As a result, it may be that a machine without a forwarding path from the operate stage to the address computation stage will be able to run at a higher clock rate than a machine with this forwarding path! On the other hand, a machine with this forwarding path will have fewer stalls than a machine without it. If the stalls that can be eliminated have a higher price than the reduction in clock rate, the machine with the slower clock rate may outperform the machine with a faster clock!
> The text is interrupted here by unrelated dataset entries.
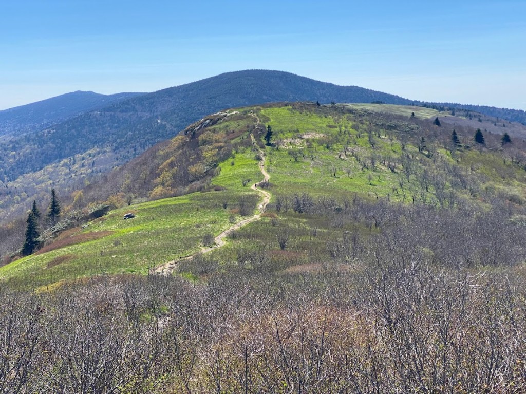 Grassy Ridge was entirely worth the side trip and additional climb. In fact, after Carver’s Gap the trail was impressive all the way to the ridge. It stood out as a brown ribbon that climbed up and down grassy hills and offered striking views.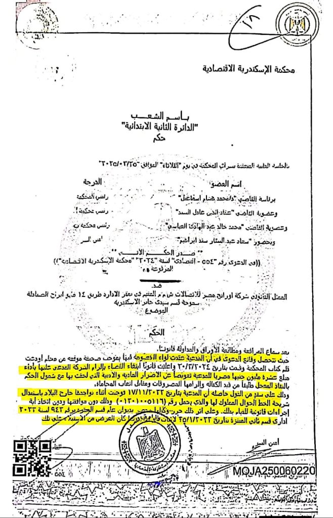 أصدرت محكمة الإسكندرية الاقتصادية حكماً تاريخياً في الدعوى رقم 454 لسنة 2024، بإلزام شركة “أورنج مصر للاتصالات” بدفع تعويض مادي وأدبي قدره 10 ملايين جنيه لمشتركة، إثر تعرض خطها الهاتفي للاستيلاء وتسهيل اختراق حسابها على تطبيق “واتساب”.
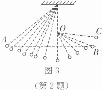 D [解析]①图1中无摩擦,机械能是守恒的,因此,小球从A点经B、C能滑到D,①正确,不符合题意;②图2中无摩擦,将细绳绕轴转到A点,放手后,滚摆能在上下来回转动,②正确,不符合题意;③图3中,将单摆从A点放手,能摆到B点,若在O点放一小棒,抵住细绳,小球仍只能摆到B点,而不可能上升到更高的C点,③错误,符合题意。故选D。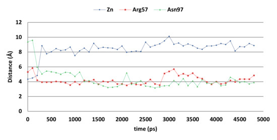 However, molecular dynamics simulations indicate that the docked pose may not be stable (Figure 9). The overall distance between the ligand’s hydroxyl group and the active site zinc ion increases significantly during the first 500 ps of the simulation, while the distances between the ligand’s unsubstituted phenyl group (centroid) to the Arg57 side chain (atom Cz) and Asn97 side chain (atom ND2) decreases. As a result, cation-π interactions with Arg57 and hydrogen-arene interactions with Asn97 can be formed after 500 ps.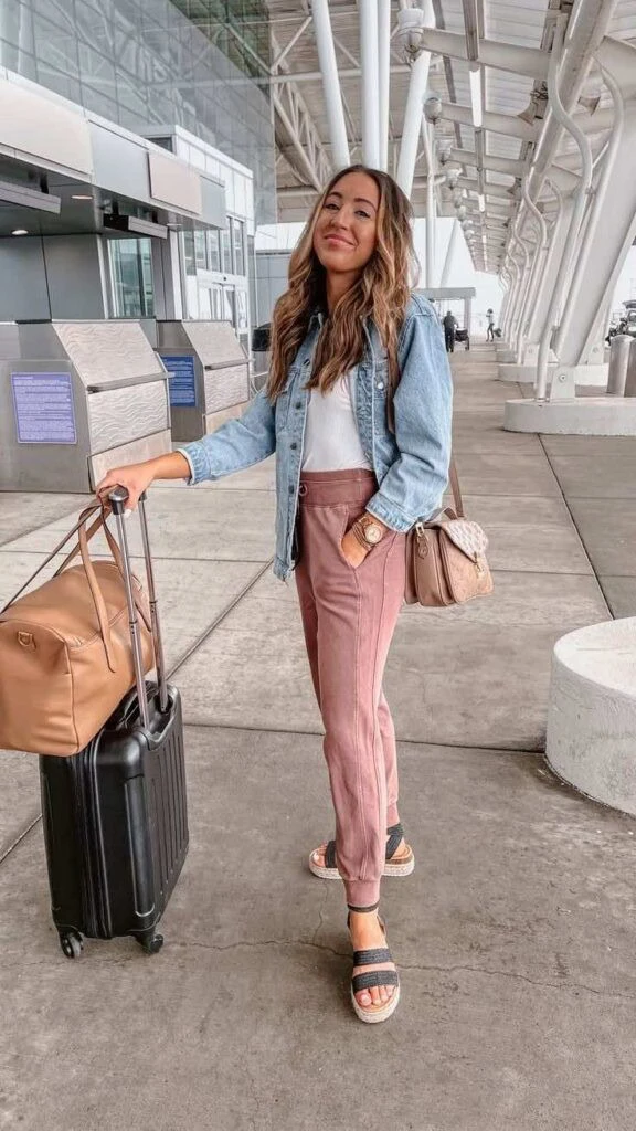 A light-wash denim jacket over a white tee with dusty rose joggers creates a stylish, casual airport look. A cognac crossbody bag adds warmth, and slip-on sandals make TSA transitions effortless. The outfit balances comfort, polish, and casual style for long days of travel.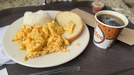 Even though it is located along the busy street, the place is in a corner and has low noise level from staff and customers. Service was quick. Eggs made to order. Less than 8 mil for scrambled eggs, white rice, slice of bread and coffee. Can’t beat the price. Good portion. Will definitely return. Recommend it.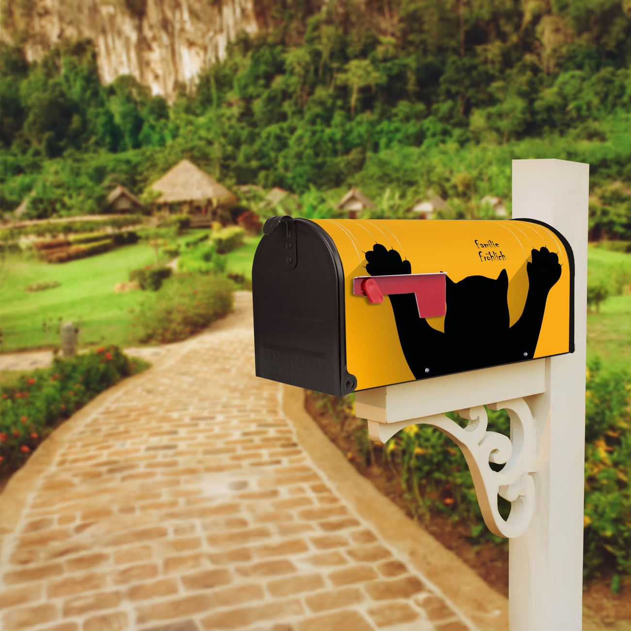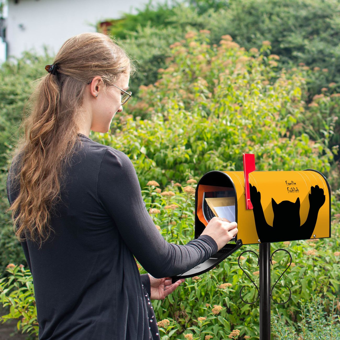 Der amerikanische Briefkasten von banjado mit WT Scratch Motiv bietet Ihnen ausreichend Fassungsvermögen, um große A4 Sendungen und Zeitschriften zu empfangen. Die typisch amerikanische rote Fahne zeigt Ihnen an, wenn Sie Post erhalten haben. Die US-Mailbox besteht aus verzinktem Stahlblech welches lackiert wurde und ist 48 x 22 x 16 CM (BxHxT) groß. Die Folie mit Motiv WT Scratch besteht aus einer wetter- und UV-resistenten Folie, die mit einem Schutzlaminat überzogen ist, sodass die US Mailbox zusätzlich vor Kratzern geschützt ist. An der Unterkante sind 4 Löcher je Seite um die Mailbox, typisch amerikanisch, an einem Holzpfahl oder einem Zaun zu befestigen. Auf Wunsch können Sie bei uns den passenden Standfuß oder die passende Wandhalterung kaufen um die US-Mailbox sicher zu befestigen. Wir bieten Ihnen ebenfalls Namensschilder, bereits beschriftet oder frei zu beschriften, und verschiedene selbst gestaltete Bitte-Keine-Werbung-Aufkleber.

Beware! The value of forwarding lies entirely in the extent to which the added logic eliminates pipeline stalls, and the frequency of stalls depends on the quality of the instruction sequence reorganization stage of the code generators of the commonly used compilers! Therefore, improved compilers can reduce or eliminate the benefits of forwarding, and the benefits of an investment in adding forwarding logic must be compared with the benefits of investing in better compilers.
Out-of-Order Execution
When a pipeline stage is blocked, the obvious thing to do is what we have done, blocking all upstream pipeline stages as well! There is an alternative that is occasionally useful; this is out-of-order execution.
If the instruction in one pipeline stage does not depend on the pipeline stages ahead of it that are occupied by stalled instructions, then insteas of injecting a bubble after the stall, the instruction we have identified may be promoted! In effect, in this case, the hardware is doing a job at run-time that could have been done by an optimizing compiler that re-orders the machine instructions to avoid stalls.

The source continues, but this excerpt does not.